Continuing to advocate for the arts

By Dan White – Special to the Sydenham Current

Since my last column, two weeks ago, a great many things have happened.

My column was read by someone at the Ontario Arts Council and referenced in an email to the Alliance of Arts Councils of Ontario.

Following that, I received a request for information by the Globe and Mail.

I deferred to people far more knowledgeable about the Ontario Arts Council and the planned $10,000,000 funding cut by the Ford Government than myself and it would appear a number of people raised their voices against this decision and the government has since backed down and will maintain funding to the OAC at its current level.

You may think this has no impact in smaller communities like Wallaceburg, but the OAC offers funding to arts organizations and artists and there is actually a pool of funding that is set aside specifically for areas outside the large cities.

As the new chair of the CK Arts and Culture Network (CKACN), I will be leading a very good board to access funding for projects across the entire county.

Two projects new ventures are at the end of this column.

For me the most important point of the Globe and Mail contact is that a minor column, in a small community, by an average human, can be heard… and be a part of making a difference.

Dave and I often assume very few people actually read this column… but to some small degree, as a result of this column, there was attention given to the arts across the country in a Globe and Mail column that supported the need for governments to support arts.

Because I write this column, act and direct, play tuba in a couple of local groups and create videos you may think that speaking publicly about things I am passionate about and believe in is easy.

It is not.

I try very hard to ensure my facts are actually facts, not hearsay and that I am fair but clear.

Still, I open myself up for criticism by speaking out.

However, the cost of remaining silent is far greater.

Here are a few interesting statistics: According to the stats Can website dating 2010… the most current stats I was able to find, (sadly)

Sports in Ontario represent 0.6 percent of the jobs and 0.4 percent of the provincial GDP while arts and culture represent 4.1 percent of jobs and 3.7 percent of GDP in the province.

CK has, at a quick count, 96 sports venues and just 16 arts and culture venues.

That’s five times as many venues for sports.
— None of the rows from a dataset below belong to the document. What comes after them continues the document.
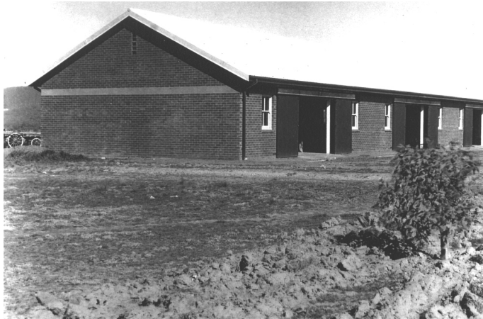
The completed Workshop in 1940.
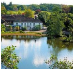
Frensham Pond hotel and grounds
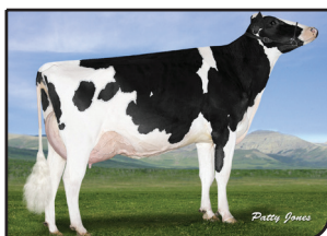
EDG RUBY UNO RIZA VG-87-2YR-CAN 02-03 305 12636M 459F 3.6% 400P 3.2%
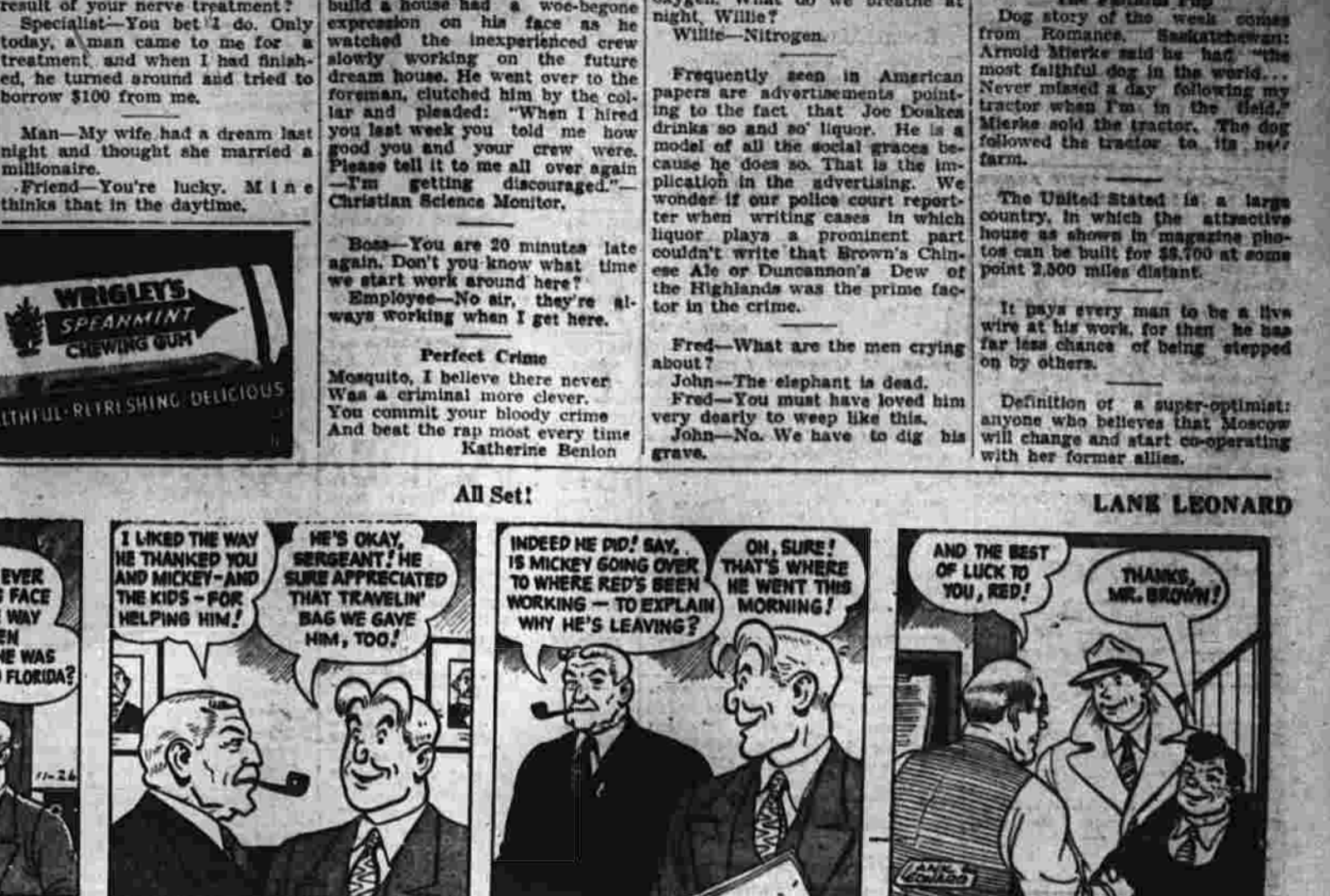
Call—Do you guarantee the result of your nerve treatment? ...
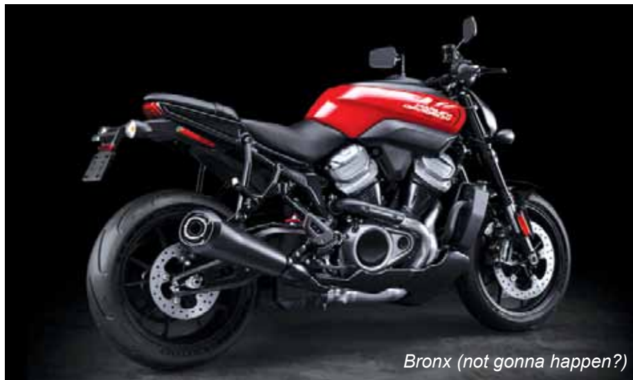
Bronx (not gonna happen?)

LiveWire has a city range of 146 miles and a 0-60 mph time of around 3 to 3.5 seconds. That seems very competitive in the electric bike market. Although Harley-Davidson's first electric model would feature Level 3 DC Fast Charging that would top up the battery from 0-80% in 40 minutes or 0-100% in 60 minutes, which seems to be far ahead of competitors. The issue I see with the "Livewire" is the price of $29,799.
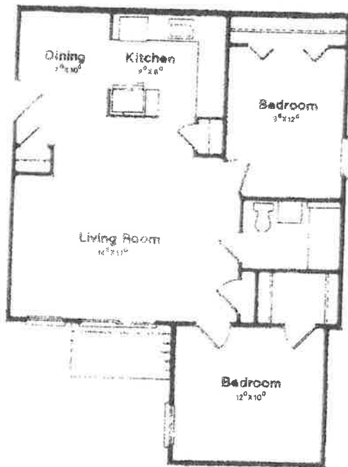
Two Bedroom Apartment
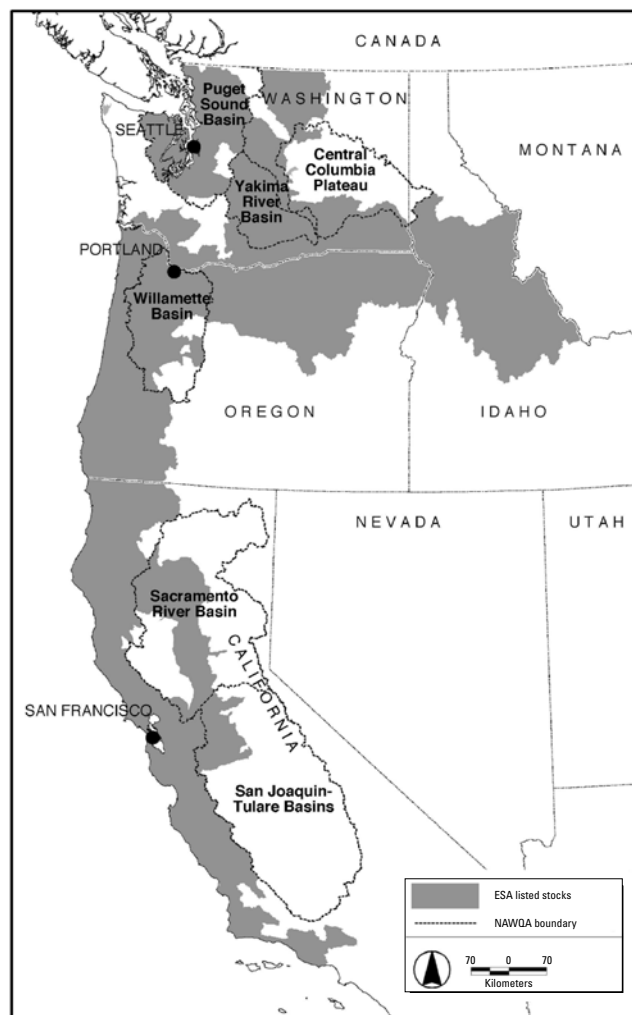
Figure 1. The geographic distribution of threatened and endangered salmon in the western United States overlaps with study units from the USGS NAWQA program. Dashed lines mark the boundaries of NAWQA study areas where pesticide concentrations have been measured in surface waters. Gray shaded areas show the freshwater range of ESA-listed salmon populations.

renewal schedule. Animals were not fed during the exposure interval. After exposures, fish were terminally anesthetized by immersion in MS-222 (tricaine methanesulfonate, 5 g/L; Sigma Chemical Co., St. Louis, MO) until gill activity ceased. Brain tissues were removed, put into plastic microcentrifuge tubes, and kept on ice until stored in a cryogenic (–80°C) freezer for subsequent analyses of AChE enzymatic activity. In the three mixture exposures where mortality was observed, dead fish were
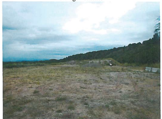
Bench where portal is located
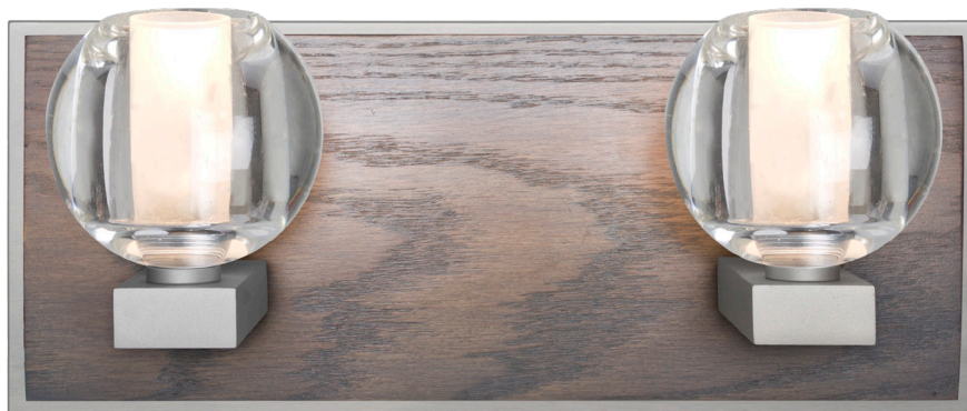
* SHOWN W/ WEATHERED WOOD BACKPLATE (S1004-WW)

Yet, arts and culture are often an afterthought – as seen in the recently unveiled Chatham and Wallaceburg development plans.

Don’t get me wrong, I believe in sports and rec and its value to a community for physical and mental wellbeing and quality of life. However, arts and culture contribute to mental health, have been proven to help our minds as we age, foster healthy living and are an asset when attempting to attract people to a community.
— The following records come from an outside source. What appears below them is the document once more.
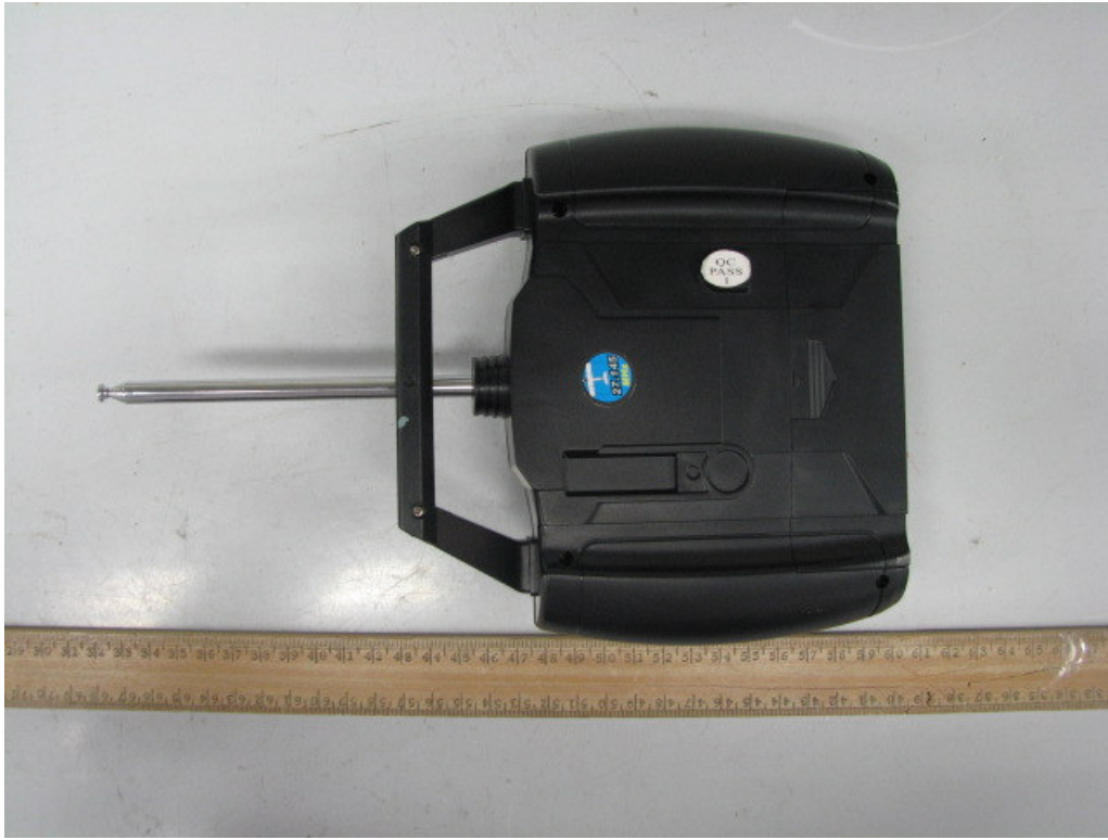
Transmitter (External view)
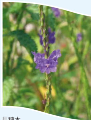
長穗木 Jamaica vervain ( Stachytarpheta jamaicensis )
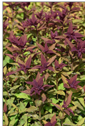
Double Play Doozie Spirea foliage

This shrub should only be grown in full sunlight. It prefers to grow in average to moist conditions, and shouldn't be allowed to dry out. It is not particular as to soil type or pH. It is highly tolerant of urban pollution and will even thrive in inner city environments. This particular variety is an interspecific hybrid.
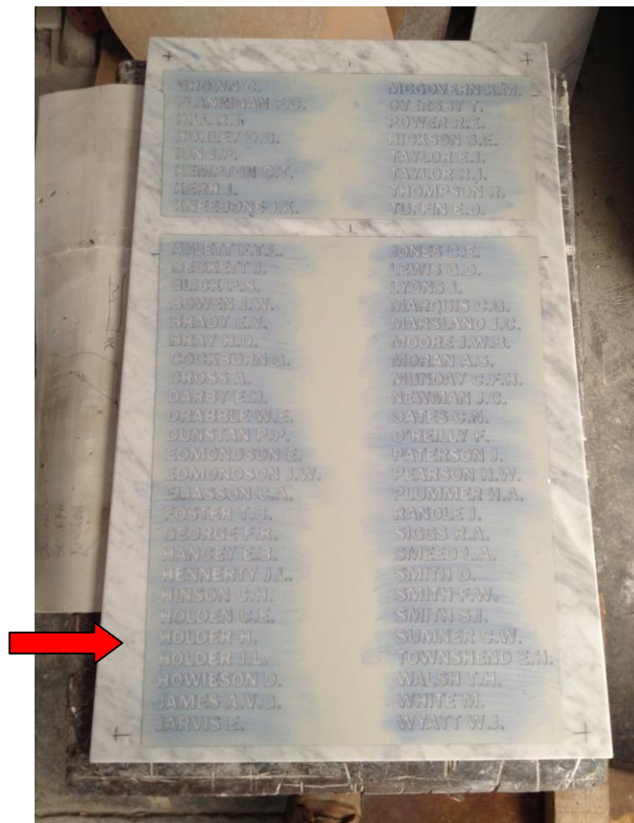
The work in progress by Perth Monumental Works – a mock up of how the names would fit on the back panel
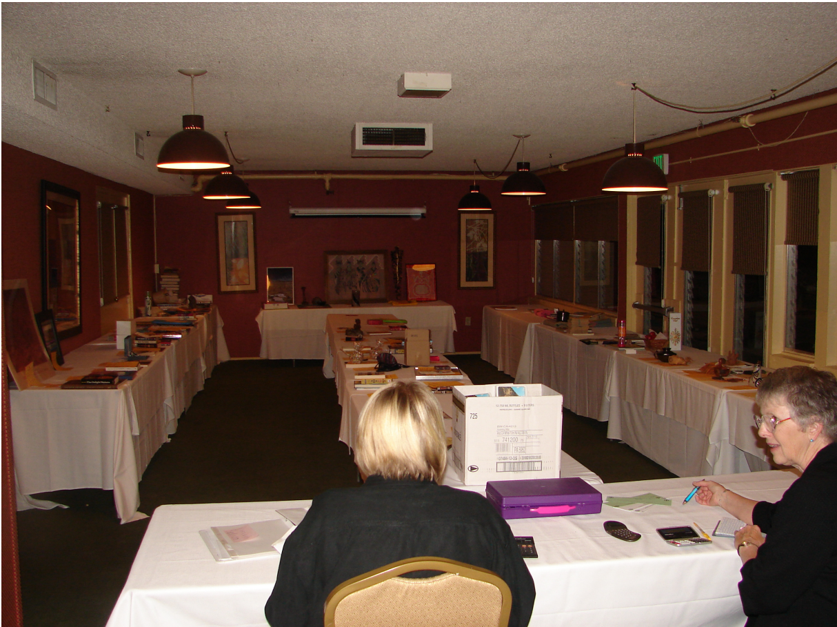
Silent Auction Room
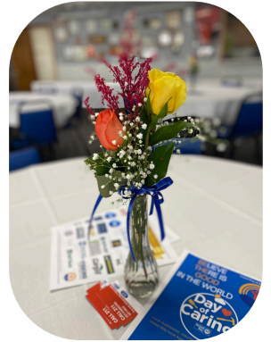
Thank you Valley Flower Shoppe for your centerpiece donations

Pledge to Win prizes were awarded to the many employees of our workplace partners who donated $52 or more to the campaign.
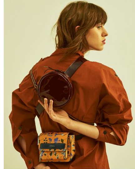
sac-cinture en cuir verni, Darris. Pochette-cinture en cuir de vachette, Le Timneur, Coupe-vent en Nylon, Kikky, lunique en coton, Mergo.
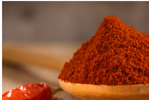
85 ASTA SS & IRR
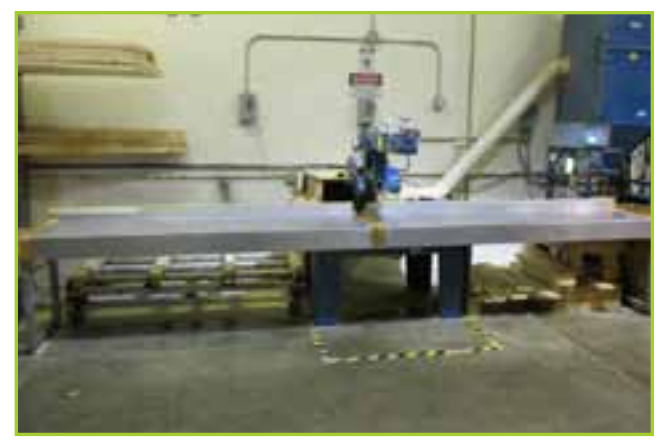
DEWALT 20" RADIAL TABLE SAW, 42", 144" TABLE
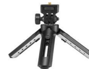
MT01 Mini Tripod
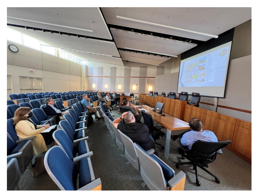
Developer Discussion Panel at the Cicero Town Hall, July 19, 2022
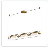
LP28543-BG Brushed Gold
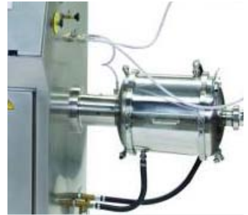
Continuous aeration mixer

The air content in ice cream (often called overrun) affects the taste, texture and appearance of the finished product. Higher aeration will produce a tastier and smoother ice cream. Thus, for attaining an optimal structure of the ice cream, production machines must possess an accurate air flow controller that is able to deliver the amount of air necessary to maintain the ratio between cream and air constant, as a function of the cream flow.

London, Ontario realized this and worked to become recognized as Canada’s first Unesco City of Music in November of 2021.

This effort has paid off in tourism and the overall quality of life in that city.

The Forest City benefits from over 4,000 live events annually and financial benefits well into the double-digit millions.

Yet here in CK there are long term development plans that either omit or diminish arts and culture.

I hear Mayor Canniff stating emphatically that the Kiwanis Theatre will remain open and I believe that he wants that.

However, we haven’t seen it in writing and unfortunately, he is only one of 18 voices on council.

The CKACN submitted questions to council on July 8, 2022 and not one member of council has taken the opportunity to respond in writing to the questions posed regarding the future of the Chatham Cultural Centre.

Recently we were asked to respond to questions posed by Nustadia, the Hamilton based developer planning the Downtown Community Centre in Chatham.

We were asked to respond to these questions along with representatives of the gallery and museum housed in the Chatham Cultural Centre and we took a great deal of time in considering our responses.

They can be seen on our Facebook page

The responses were sent to all levels of government on March 19, posted on our Facebook page on March 21 and as I write this it is very early on March 23, (Happy Birthday Erin! My daughter is celebrating her big day today!) and we have no acknowledgement of receipt of the responses by a single member of Council.

If and when there are responses we will post it on our FB page.

We don’t expect everyone to agree with us, but we do want to have a conversation and be a voice for the arts.

Once again, I would encourage readers who care about arts and culture in their community to contact politicians and express that support.

If you stay silent, it is easy to assume you don’t care.

Arts events around town:

Last week the Wallaceburg Brass Quintet released its 8th video.

This was our first venture to promote and support a local business.

Todd Shepley and his team at Glasstown Brewing have been wonderful supporters of the arts already and as they prepare to open their doors, we wanted to help them celebrate so we created a video filmed in the building while it was still under construction.

Here is the link and in the next few weeks we will release an extended quintet version.

We hope you enjoy the sneak peak into the building.

May 7 and 8 the CKACN is hosting a studio Tour across CK.

Wallaceburg resident, world class artist and CKACN board member, Troy Brooks is on the committee and will be on the 20 studio tour.

Stay tuned for further details on this exciting venture.

In the next few months CKACN also plans to start creating a monthly podcast featuring local artists.

The Wallaceburg Concert Band and Wallaceburg Brass Quintet will be hosting a “Who Done It” pre Mothers’ Day dinner theatre on May 13 at the UAW Hall.